Page:Boyer d’Argens - Lettres juives, 1754, tome 2.djvu/49

Cette page n’a pas encore été corrigée


On regarde un roman comme un ouvrage fait uniquement pour amuser. Ce ne doit pas être le but pour lequel on doit le composer. Tout livre qui ne joint pas l’utile à l’agréable, est peu digne de l’estime des connoisseurs. En amusant l’esprit, il faut instruire le cœur. C’est par-là que les plus grands hommes ont illustré leurs écrits.
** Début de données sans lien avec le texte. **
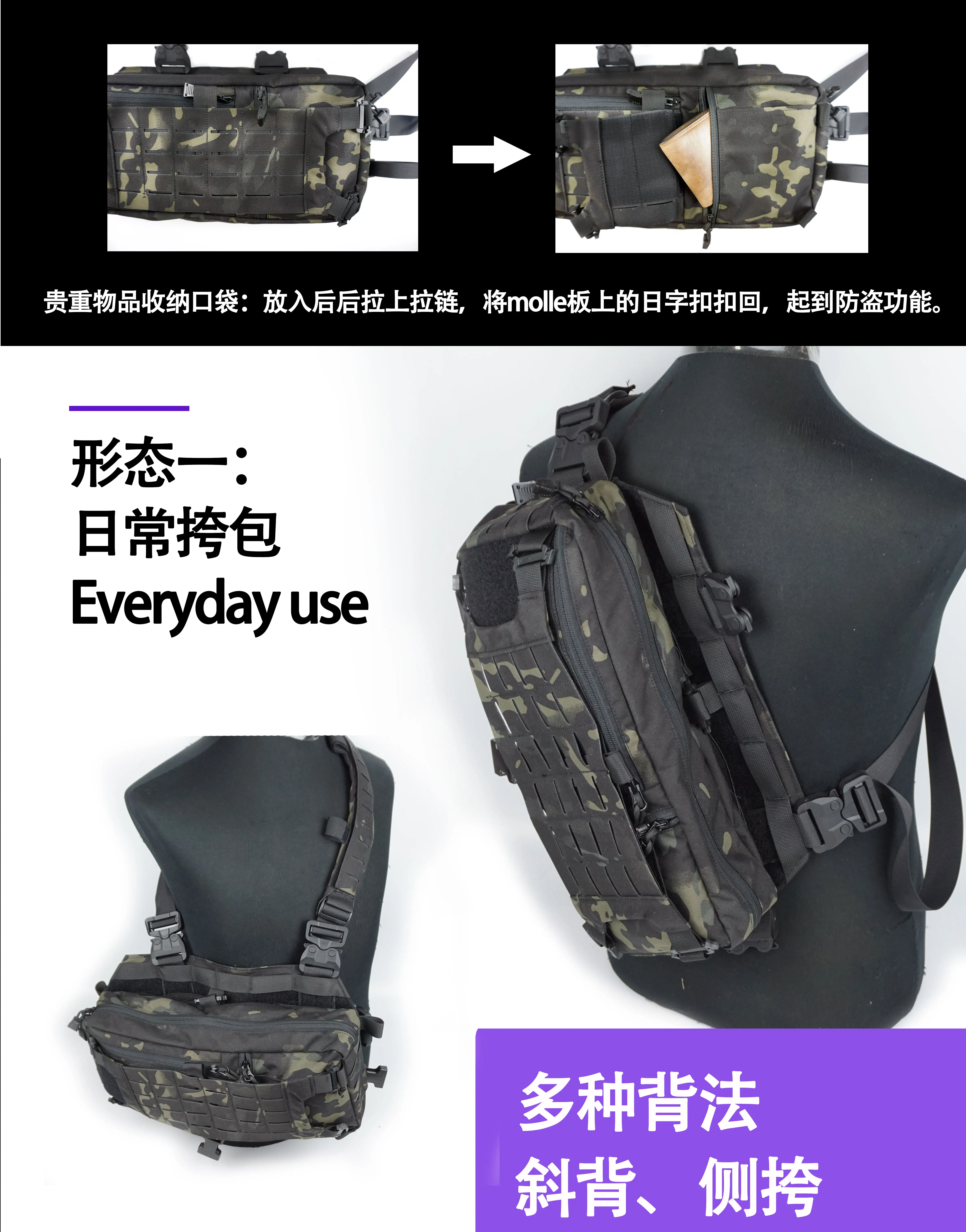 DM-bolso de hombro táctico peludo para hombre, mochila multifuncional colgante para el pecho, impermeable, para exteriores, 421X
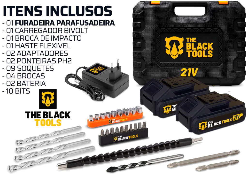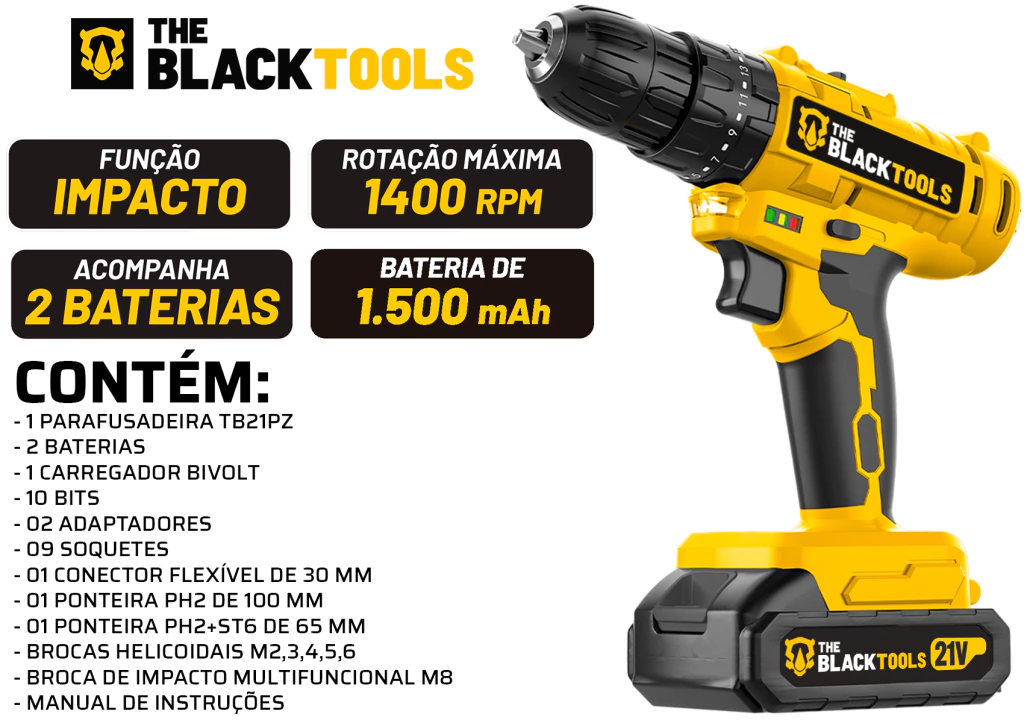 FURADEIRA PARAFUSADEIRA DE IMPACTO SEM FIO A BATERIA 21V 3/8 10MM COM MALETA E ACESSÓRIOS TB-21PZ - The Black Tools A furadeira The Black Tools TB-21PZ a bateria de 21V é uma ferramenta poderosa e versátil projetada para atender às necessidades de perfuração em diversos materiais. Com um design ergonômico e compacto, proporciona conforto durante o uso prolongado e facilita o manuseio em espaços restritos.
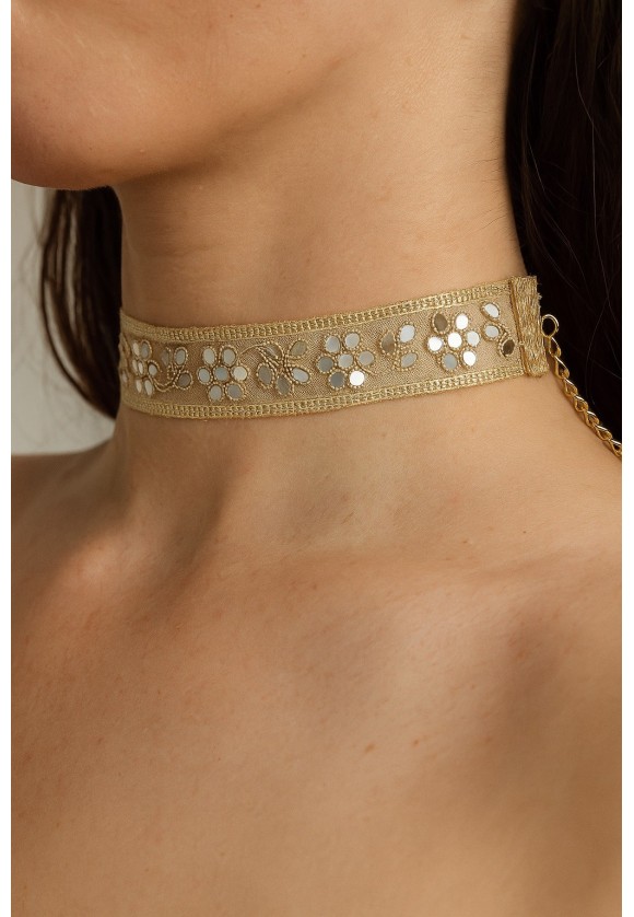 Choker artesanal dorado con espejitos hecho a mano | Bluwer
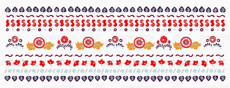 Набор этнических элементов. Бордюр представляет собой полосу с цветами, листьями, ветками, вензелями. Народная вышивка. Славянский, украинский, русский мотив. Хохлома, матрешка, дымковская игрушка. Мексиканский, индийский, цыганский ковер. Вязаное кружево

Un écrivain qui, plein de fictions & d’imaginations hardies, amuse les lecteurs dans le cours de douze volumes d’incidens ménagés adroitement & d’une manière intéressante, & qui cependant à la fin de son livre n’a rempli les esprits que d’enlevemens, de duels, de pleurs, de désespoirs & de larmes [1], n’a ni la science d’instruire, ni le don d’atteindre à la perfection ; il ne posséde de son art que la moindre partie.

Un auteur qui plaît sans instruire, ne plaît pas long-tems : il voit son livre moisir dans la boutique du libraire ; & ses ouvrages ont le sort des mauvais sermons & des froids panégyriques.

Autrefois les romans n’étoient qu’un ramas d’aventures tragiques qui enlevoient l’imagination, & déchiroient le cœur. [2]

On les lisoit avec plaisir,

  1. La Calprenede.
  2. Le Polexandre de Gomberville, l’Ariane de des Marets, &c.